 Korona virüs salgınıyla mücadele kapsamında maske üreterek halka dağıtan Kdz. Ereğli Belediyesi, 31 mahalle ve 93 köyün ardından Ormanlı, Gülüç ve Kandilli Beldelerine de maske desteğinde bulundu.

---

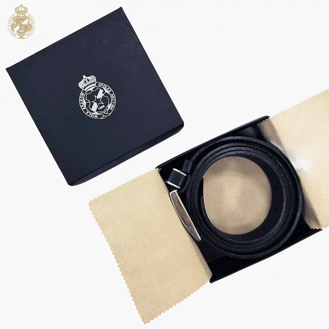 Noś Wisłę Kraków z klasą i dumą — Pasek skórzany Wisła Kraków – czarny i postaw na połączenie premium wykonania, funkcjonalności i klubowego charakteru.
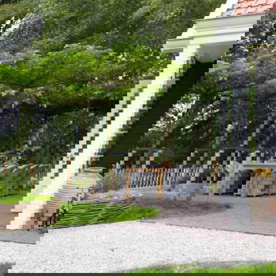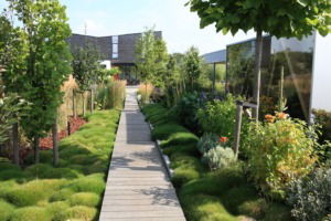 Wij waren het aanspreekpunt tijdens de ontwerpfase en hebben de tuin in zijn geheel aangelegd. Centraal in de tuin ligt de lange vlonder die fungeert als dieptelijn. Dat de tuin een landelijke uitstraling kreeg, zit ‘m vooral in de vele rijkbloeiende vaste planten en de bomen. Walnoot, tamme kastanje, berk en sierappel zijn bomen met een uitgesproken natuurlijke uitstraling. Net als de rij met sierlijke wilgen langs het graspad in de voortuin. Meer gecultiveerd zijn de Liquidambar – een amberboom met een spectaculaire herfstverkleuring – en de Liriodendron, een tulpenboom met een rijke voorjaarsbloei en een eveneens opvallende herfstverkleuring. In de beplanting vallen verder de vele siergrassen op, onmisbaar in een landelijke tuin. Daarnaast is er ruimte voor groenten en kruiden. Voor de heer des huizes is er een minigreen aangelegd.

YOUR TASK »
Now transcribe the lines above exactly, starting at the line containing "Noś Wisłę Kraków" and ending at the line containing "Wij waren het", both lines included, pictures excluded.

OUTPUT BELOW »
 Noś Wisłę Kraków z klasą i dumą — Pasek skórzany Wisła Kraków – czarny i postaw na połączenie premium wykonania, funkcjonalności i klubowego charakteru.
 Wij waren het aanspreekpunt tijdens de ontwerpfase en hebben de tuin in zijn geheel aangelegd. Centraal in de tuin ligt de lange vlonder die fungeert als dieptelijn. Dat de tuin een landelijke uitstraling kreeg, zit ‘m vooral in de vele rijkbloeiende vaste planten en de bomen. Walnoot, tamme kastanje, berk en sierappel zijn bomen met een uitgesproken natuurlijke uitstraling. Net als de rij met sierlijke wilgen langs het graspad in de voortuin. Meer gecultiveerd zijn de Liquidambar – een amberboom met een spectaculaire herfstverkleuring – en de Liriodendron, een tulpenboom met een rijke voorjaarsbloei en een eveneens opvallende herfstverkleuring. In de beplanting vallen verder de vele siergrassen op, onmisbaar in een landelijke tuin. Daarnaast is er ruimte voor groenten en kruiden. Voor de heer des huizes is er een minigreen aangelegd.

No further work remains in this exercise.